ASSIGNMENT:
When you repeat the entries below, keep each word exactly as it is and drop the pictures.

------------------------------------------------------------------------

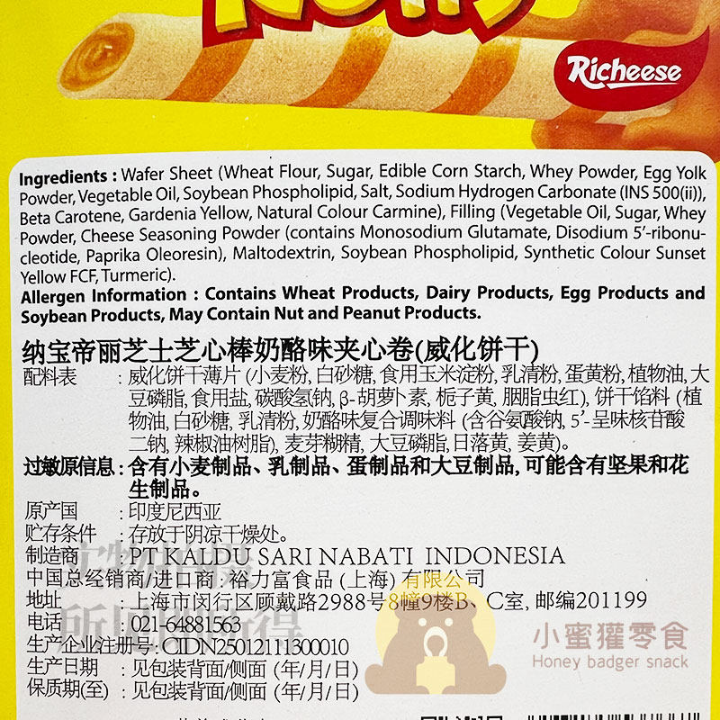 印尼进口纳宝帝丽芝士芝心棒奶酪味夹心卷威化饼干180g零食品
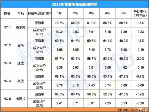 2016年度二手車保值率推薦車型(精真估) 前言:隨著中國汽車產(chǎn)業(yè)的不斷發(fā)展,競(jìng)爭(zhēng)日益激烈,而汽車品牌之間,經(jīng)銷商之間的“價(jià)格戰(zhàn)”“促銷拳”層出不窮。此外政府有關(guān)汽車使用政策越來越嚴(yán)格,購買限制、優(yōu)惠減少、使用限制、強(qiáng)制報(bào)廢等等,諸多因素造成了我們消費(fèi)者購買車輛后在使用期間的貶值越來越明顯,折舊率越來越高,保值率相對(duì)越來越低,用三年“賠一半”的車型比比皆是,這還不算其中的使用成本。所以在汽車品牌、外觀、性能、技術(shù)逐漸趨同的新形勢(shì)下,如何選擇一款保值率高,使用經(jīng)濟(jì)性好的車輛成為越來越成熟和專業(yè)的汽車消費(fèi)者參考因素,2016年度二手車保值率推薦車型為您呈現(xiàn)選車精華。
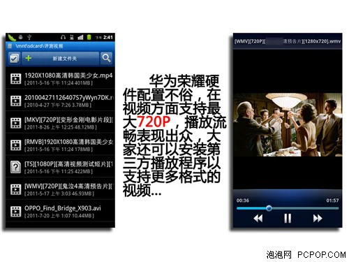依仗1.4GHz强大的处理器,华为荣耀可以轻松播放720P的高清视频,虽然这样的表现已经算是挺不错的,但是相比小米手机堆1080P的支持,U8860硬件方面的差距还是可见一斑。不过话又说回来了,两款死磕的手机都不支持HDMI,显得比较尴尬,1080P的视频在手机屏幕上也无法得到直观体验。
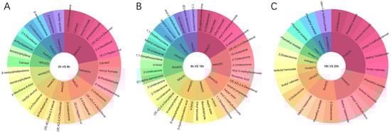 Flavor wheels of differentially accumulated metabolites: (A) flavor wheel of differentially accumulated metabolites in the pre-fermentation stage (0–8 h); (B) flavor wheel of differentially accumulated metabolites in the mid-fermentation stage (8–16 h); (C) flavor wheel of differentially accumulated metabolites in the late fermentation stage (16–20 h). Inner circles, different stages of fermentation; middle circles, associated odor descriptions; outer circles, names of differential metabolites with associated flavors.
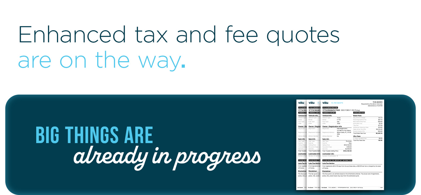 In our efforts to provide best-in-class tools and functionality, we are hard at work developing and implementing improved Tax and Fee estimators within Vitu Interstate. These enhanced calculators incorporate both current tax and fee rates, but also new and improved functionality, including:
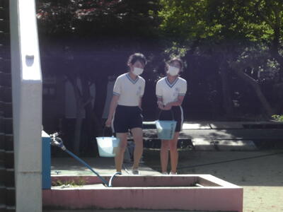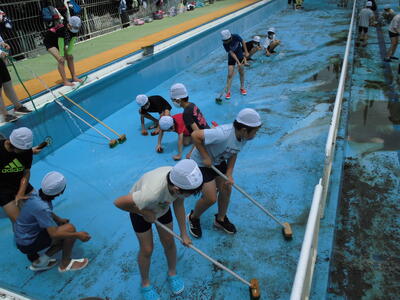 本日はプールの清掃の日でした。午前中に6年生が、午後に5年生が、水を抜いたプールの底やプールサイドなどをきれいにしてくれました。
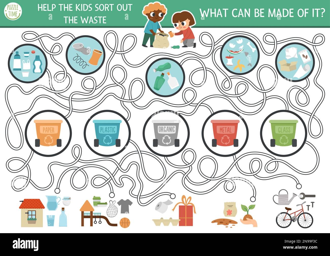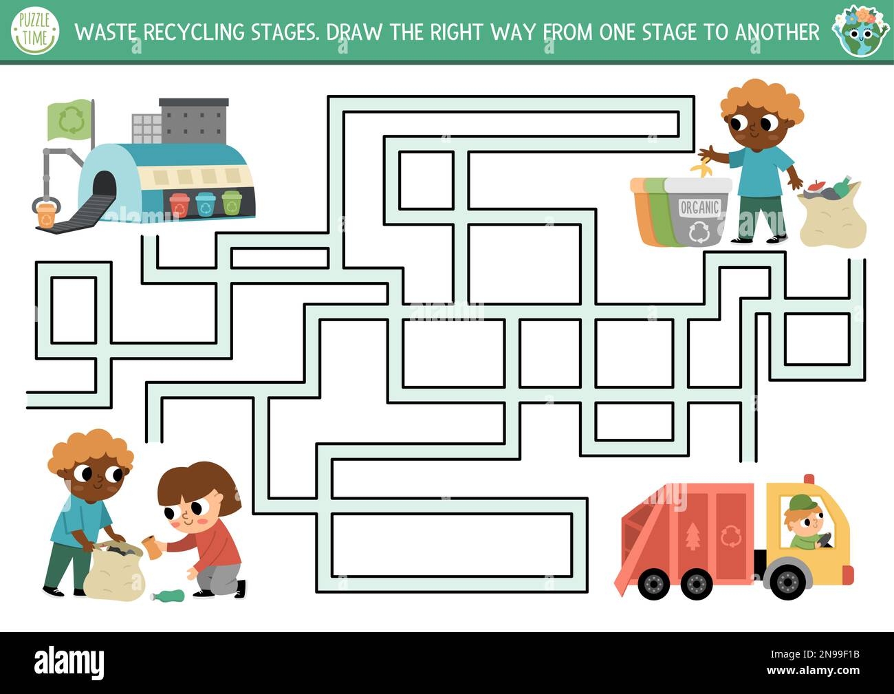 Ecological Black And White Maze For Children With Kids Sorting Out The Rubbish Earth Day Preschool Activity Eco Awareness Or Zero Waste Labyrinth Co Stock Vector Image U0026 Art Alamy

------------------------------------------------------------------------

SOLUTION TO THIS PROBLEM:
 印尼进口纳宝帝丽芝士芝心棒奶酪味夹心卷威化饼干180g零食品
 2016年度二手車保值率推薦車型(精真估) 前言:隨著中國汽車產(chǎn)業(yè)的不斷發(fā)展,競(jìng)爭(zhēng)日益激烈,而汽車品牌之間,經(jīng)銷商之間的“價(jià)格戰(zhàn)”“促銷拳”層出不窮。此外政府有關(guān)汽車使用政策越來越嚴(yán)格,購買限制、優(yōu)惠減少、使用限制、強(qiáng)制報(bào)廢等等,諸多因素造成了我們消費(fèi)者購買車輛后在使用期間的貶值越來越明顯,折舊率越來越高,保值率相對(duì)越來越低,用三年“賠一半”的車型比比皆是,這還不算其中的使用成本。所以在汽車品牌、外觀、性能、技術(shù)逐漸趨同的新形勢(shì)下,如何選擇一款保值率高,使用經(jīng)濟(jì)性好的車輛成為越來越成熟和專業(yè)的汽車消費(fèi)者參考因素,2016年度二手車保值率推薦車型為您呈現(xiàn)選車精華。
依仗1.4GHz强大的处理器,华为荣耀可以轻松播放720P的高清视频,虽然这样的表现已经算是挺不错的,但是相比小米手机堆1080P的支持,U8860硬件方面的差距还是可见一斑。不过话又说回来了,两款死磕的手机都不支持HDMI,显得比较尴尬,1080P的视频在手机屏幕上也无法得到直观体验。
 Flavor wheels of differentially accumulated metabolites: (A) flavor wheel of differentially accumulated metabolites in the pre-fermentation stage (0–8 h); (B) flavor wheel of differentially accumulated metabolites in the mid-fermentation stage (8–16 h); (C) flavor wheel of differentially accumulated metabolites in the late fermentation stage (16–20 h). Inner circles, different stages of fermentation; middle circles, associated odor descriptions; outer circles, names of differential metabolites with associated flavors.
 In our efforts to provide best-in-class tools and functionality, we are hard at work developing and implementing improved Tax and Fee estimators within Vitu Interstate. These enhanced calculators incorporate both current tax and fee rates, but also new and improved functionality, including:
 本日はプールの清掃の日でした。午前中に6年生が、午後に5年生が、水を抜いたプールの底やプールサイドなどをきれいにしてくれました。
 Ecological Black And White Maze For Children With Kids Sorting Out The Rubbish Earth Day Preschool Activity Eco Awareness Or Zero Waste Labyrinth Co Stock Vector Image U0026 Art Alamy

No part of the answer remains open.